--- INFORMATION ---
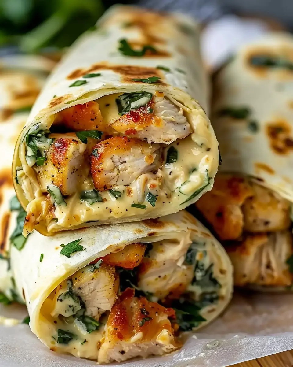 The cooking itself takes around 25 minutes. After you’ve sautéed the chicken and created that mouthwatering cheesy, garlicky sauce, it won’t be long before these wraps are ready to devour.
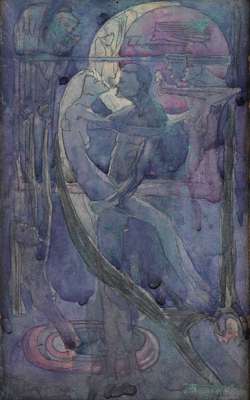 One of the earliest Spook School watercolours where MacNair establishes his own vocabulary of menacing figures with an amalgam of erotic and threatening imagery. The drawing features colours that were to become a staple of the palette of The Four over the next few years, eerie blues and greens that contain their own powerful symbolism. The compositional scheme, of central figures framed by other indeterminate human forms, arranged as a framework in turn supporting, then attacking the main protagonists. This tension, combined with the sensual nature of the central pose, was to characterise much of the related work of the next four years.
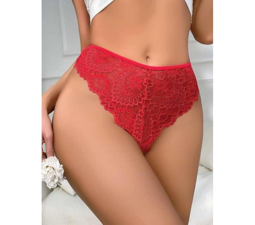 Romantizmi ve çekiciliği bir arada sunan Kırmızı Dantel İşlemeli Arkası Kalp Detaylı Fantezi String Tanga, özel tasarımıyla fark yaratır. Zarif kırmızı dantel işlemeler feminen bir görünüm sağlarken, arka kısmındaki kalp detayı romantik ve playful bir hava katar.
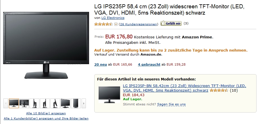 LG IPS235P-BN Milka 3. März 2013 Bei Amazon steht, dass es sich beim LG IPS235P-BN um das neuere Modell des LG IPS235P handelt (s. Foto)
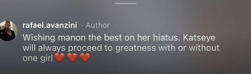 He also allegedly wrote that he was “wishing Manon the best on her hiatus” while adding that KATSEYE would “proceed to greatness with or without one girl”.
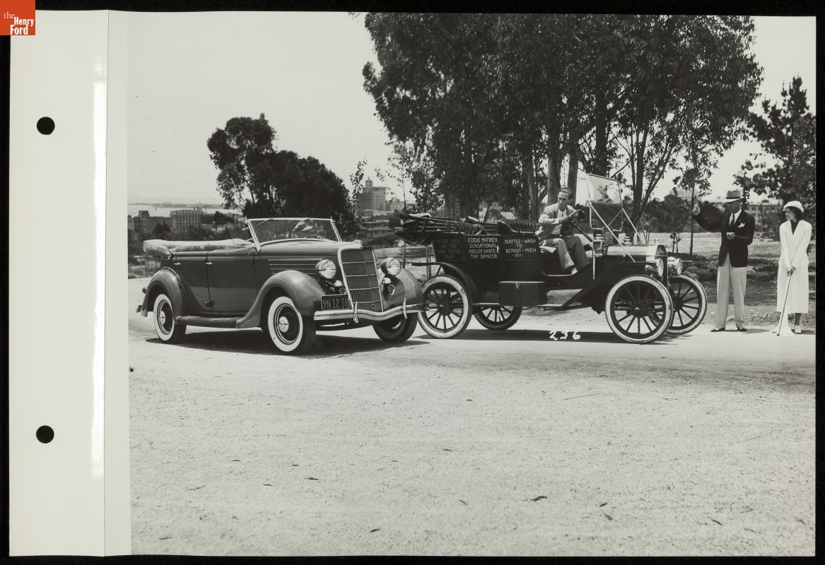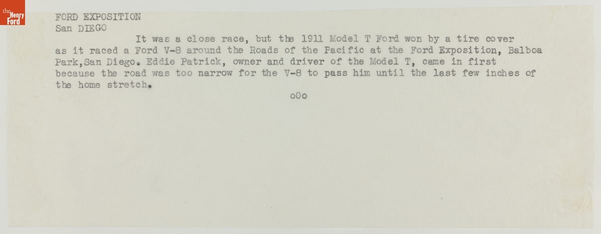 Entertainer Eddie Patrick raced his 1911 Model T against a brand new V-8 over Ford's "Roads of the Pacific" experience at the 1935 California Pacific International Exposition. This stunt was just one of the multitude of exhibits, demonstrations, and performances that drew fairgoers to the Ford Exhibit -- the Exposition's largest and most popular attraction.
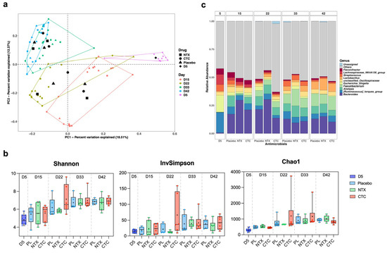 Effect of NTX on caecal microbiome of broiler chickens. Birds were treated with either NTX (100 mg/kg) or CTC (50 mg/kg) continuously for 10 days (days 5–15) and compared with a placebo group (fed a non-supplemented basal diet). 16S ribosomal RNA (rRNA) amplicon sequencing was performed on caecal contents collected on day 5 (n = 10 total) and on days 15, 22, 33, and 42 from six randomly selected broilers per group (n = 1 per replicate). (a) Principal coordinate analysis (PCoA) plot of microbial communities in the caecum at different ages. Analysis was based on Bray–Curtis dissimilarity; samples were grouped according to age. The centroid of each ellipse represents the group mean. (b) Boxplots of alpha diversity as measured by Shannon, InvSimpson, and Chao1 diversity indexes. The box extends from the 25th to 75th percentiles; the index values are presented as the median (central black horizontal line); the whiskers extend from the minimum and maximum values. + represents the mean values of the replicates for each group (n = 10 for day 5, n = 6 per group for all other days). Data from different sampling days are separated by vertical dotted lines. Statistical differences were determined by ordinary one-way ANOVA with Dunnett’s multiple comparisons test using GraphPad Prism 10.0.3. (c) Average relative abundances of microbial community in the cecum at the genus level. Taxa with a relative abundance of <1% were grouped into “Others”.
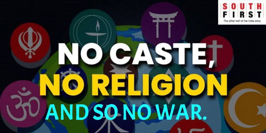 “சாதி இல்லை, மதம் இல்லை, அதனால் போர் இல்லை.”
--
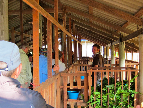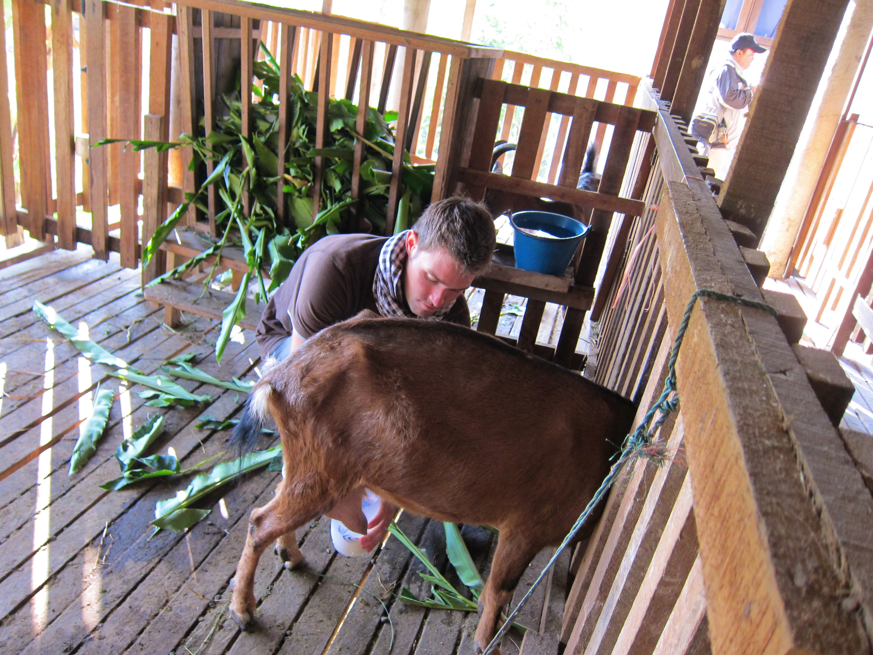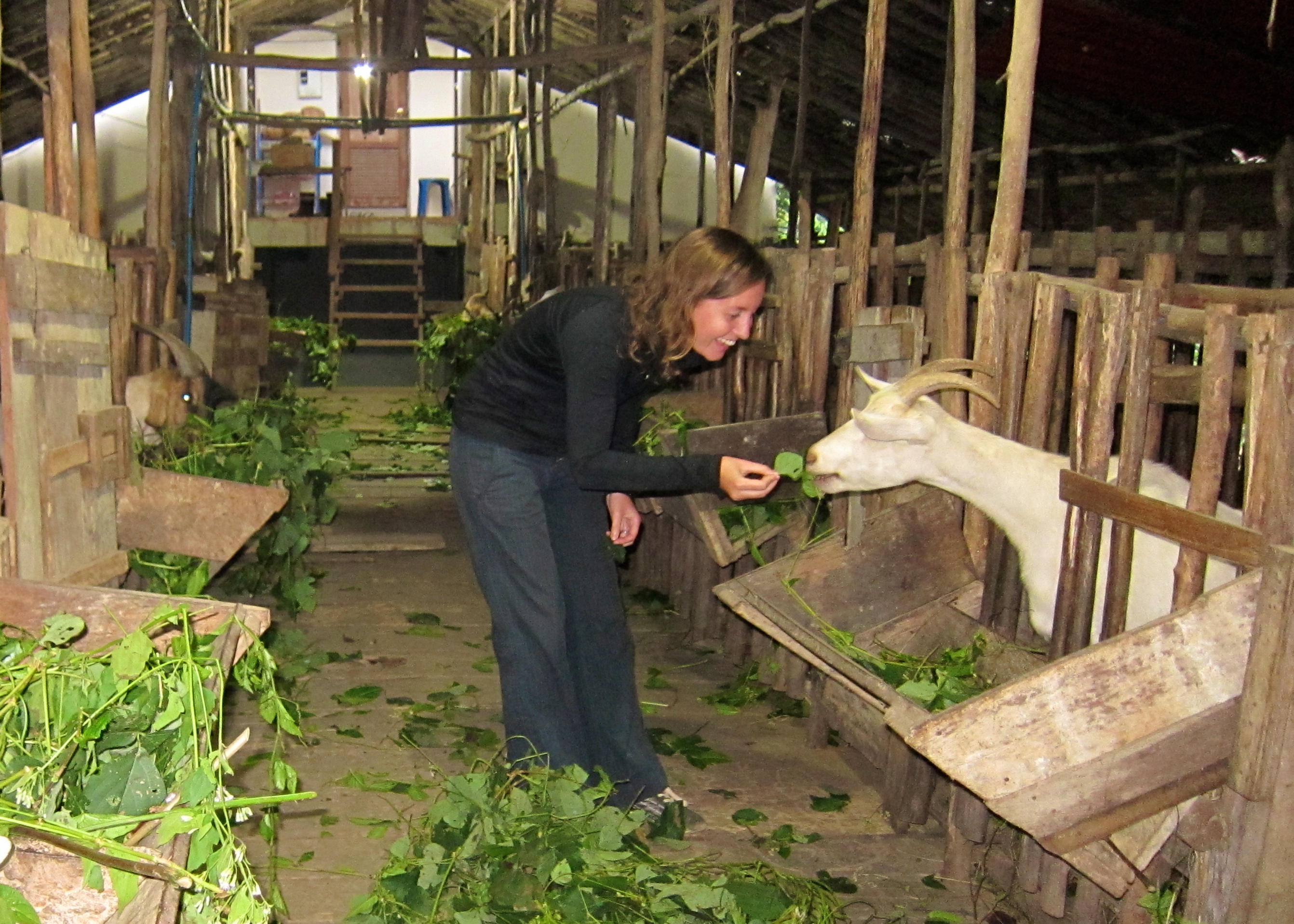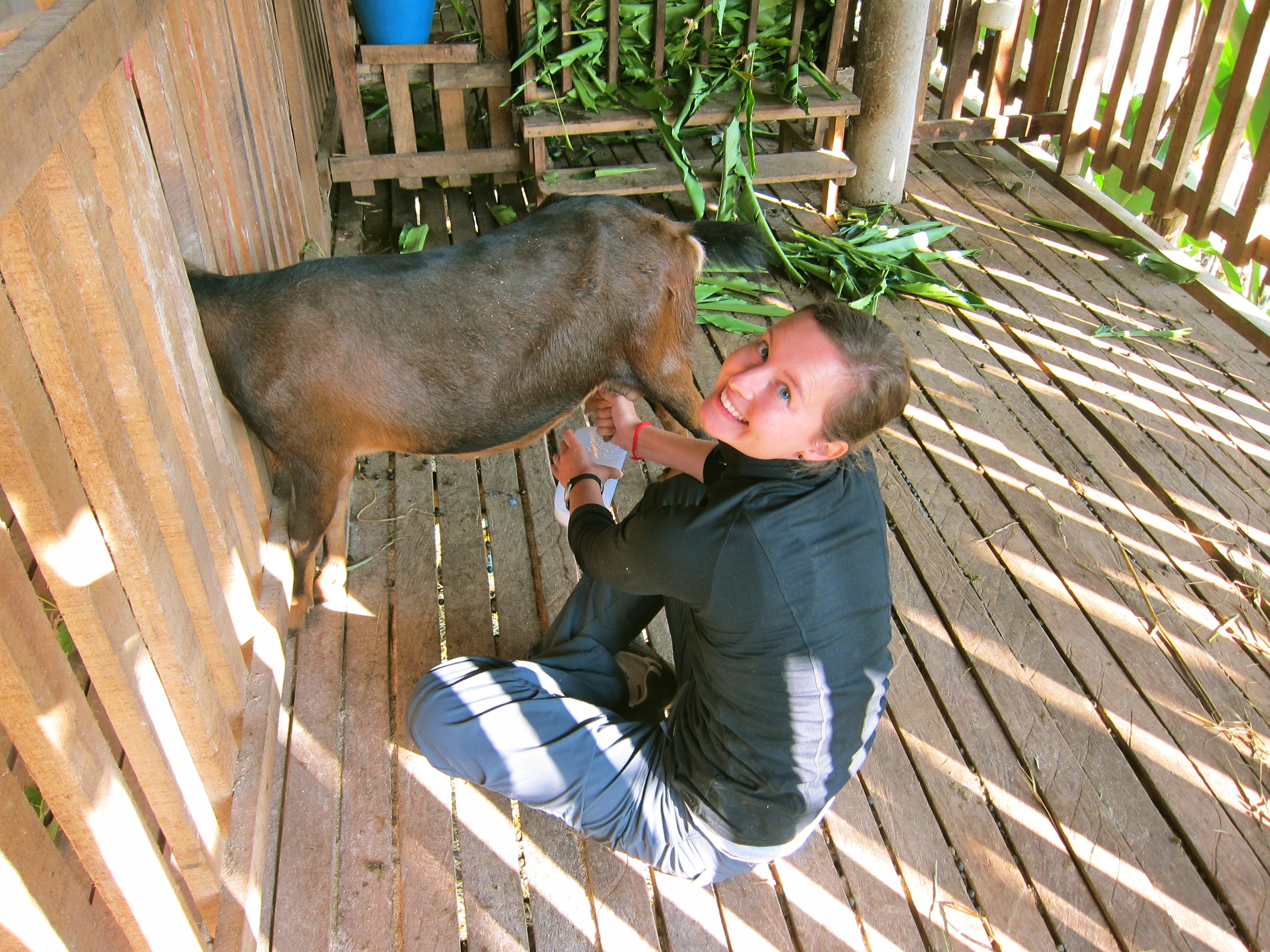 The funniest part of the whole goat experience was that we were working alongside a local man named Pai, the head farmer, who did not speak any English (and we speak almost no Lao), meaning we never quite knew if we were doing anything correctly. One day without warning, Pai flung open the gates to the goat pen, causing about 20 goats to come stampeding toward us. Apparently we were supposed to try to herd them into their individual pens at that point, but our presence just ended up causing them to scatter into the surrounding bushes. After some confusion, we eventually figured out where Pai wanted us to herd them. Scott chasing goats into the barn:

--- WHAT YOU WILL DO ---
With the pictures omitted, print the lines above exactly, beginning at the line with "He also allegedly" and going on through the line with "Entertainer Eddie Patrick".

--- EXERCISE OUTPUT ---
 He also allegedly wrote that he was “wishing Manon the best on her hiatus” while adding that KATSEYE would “proceed to greatness with or without one girl”.
 Entertainer Eddie Patrick raced his 1911 Model T against a brand new V-8 over Ford's "Roads of the Pacific" experience at the 1935 California Pacific International Exposition. This stunt was just one of the multitude of exhibits, demonstrations, and performances that drew fairgoers to the Ford Exhibit -- the Exposition's largest and most popular attraction.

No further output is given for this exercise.